I'm having trouble laying out two same ttk.Treeview widgets using ttk.Notebook and grid layout manager. When I'm working with only one treeview (placed in a labelframe, that is placed in a frame (section), that is placed in yet another frame (main), that is placed in root), then everything works and I get the desired results:
But as soon as I try putting two such treeviews in a notebook, everything goes haywire, even though I don't change anything in the code, apart from adding a notebook:
Here's the code I prepared according to the SO guidelines to better illustrate the problem (I tried to make it as short as I could while retaining vital characteristics (like the columns layout and scrollbars) of the app it was taken out of) :
import tkinter as tk
from tkinter import ttk
root = tk.Tk()
root.title("App")
mainframe = ttk.Frame(root)
mainframe.grid()
section = ttk.Frame(mainframe, padding=(0, 0, 10, 60))
section.grid(sticky="nsew")
labelframe = ttk.Labelframe(section, text="Title", padding=(5, 7, 5, 13))
labelframe.grid(sticky="nsew")
# styles
style = ttk.Style()
style.configure(
"App.Treeview",
font=("TkDefaultFont", 8),
rowheight=15
)
style.configure(
"App.Treeview.Heading",
font=("TkDefaultFont", 8)
)
def build_tree(parent):
# treeview
trv = ttk.Treeview(parent)
trv.configure(
style="App.Treeview",
height=19,
columns=("#1", "#2", "#3", "#4"),
displaycolumns="#all",
selectmode="browse"
)
trv.grid(column=0, row=0, sticky="nsew")
# treeview's scrollbars
sbar_vertical = ttk.Scrollbar(parent, orient=tk.VERTICAL, command=trv.yview)

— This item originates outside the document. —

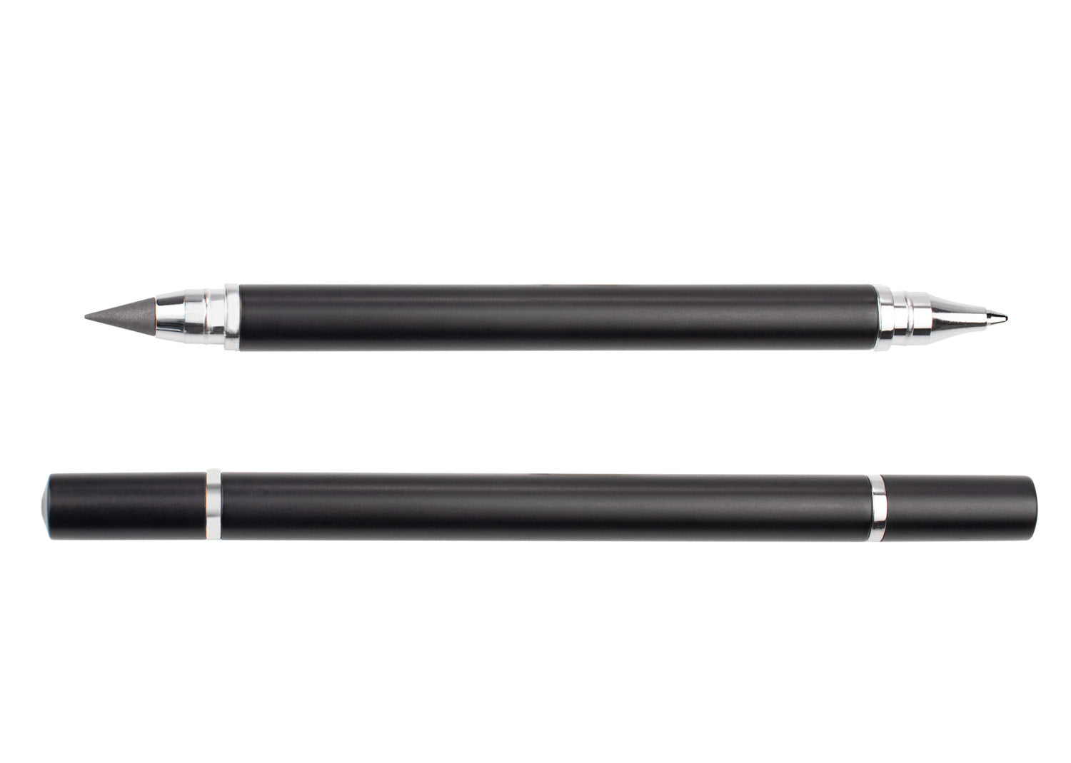 2 en 1. Bolígrafo y lápiz eterno con cuerpo de color metálico y detalles cromados. BolígrafoEsfero. Area impresion: Tampo: (7 X 0,6). . Medidas Alto: 14

sbar_vertical.grid(column=1, row=0, sticky="ns")
sbar_horizontal = ttk.Scrollbar(parent, orient=tk.HORIZONTAL, command=trv.xview)
sbar_horizontal.grid(column=0, row=1, sticky="we")
trv.configure(yscrollcommand=sbar_vertical.set, xscrollcommand=sbar_horizontal.set)
# treeview's columns
trv.heading("#1", text="Name_1")
trv.heading("#2", text="Pos")
trv.heading("#3", text="NT/R")
trv.heading("#4", text="★")
trv.column("#0", stretch=True, minwidth=70, width=49)
trv.column("#1", stretch=True, minwidth=97, width=49)
trv.column("#2", stretch=True, minwidth=35, width=49)
trv.column("#3", stretch=True, minwidth=40, width=49, anchor=tk.E)
trv.column("#4", stretch=True, minwidth=12, width=49)
return trv
# tree = build_tree(labelframe)
# notebook
notebook = ttk.Notebook(labelframe)
tree1 = build_tree(notebook)
tree2 = build_tree(notebook)
notebook.add(tree1, text="One")
notebook.add(tree2, text="Two")
notebook.grid(sticky="nsew")
root.resizable(False, False)
root.mainloop()
To switch between the first result and the second, one has to only uncomment the
# tree = build_tree(labelframe)
line and comment out the # notebook section.
I tried giving the notebook height and weight option arguments in a constructor but nothing changed and also tried with adding
rowconfigure(0, weight=1)
columnconfigure(0, weight=1)
to a container on each level (mainframe, section and labelframe) and even all down to the notebook and the treeviews (even though AFAIK this should only be necessary if the window was to be resizable) - obtaining exactly the same result.
My understanding was if widgets are placed in a grid without any options passed to a grid() call, then a widget placed decides how much space it needs and the grid manager accommodates a given column's width (or a height in case of a row) to the highest value requested by the widget (of all managed in a given column or row). Then if such decided space is too big for some other widget that uses the same row/column, then it gets stretched (or no - according mainly to the sticky option). If that understanding is correct, then I don't quite understand the notebook's behavior, especially as the alone treeview seems to perfectly adhere to it.
My environment: Ubuntu 17.10, Python 3.6.3, Tkinter 8.6. In case the treeview columns' setup looks somewhat peculiar - it was derived from a comment to this question and has to be like that to make use of the horizontal scrollbar.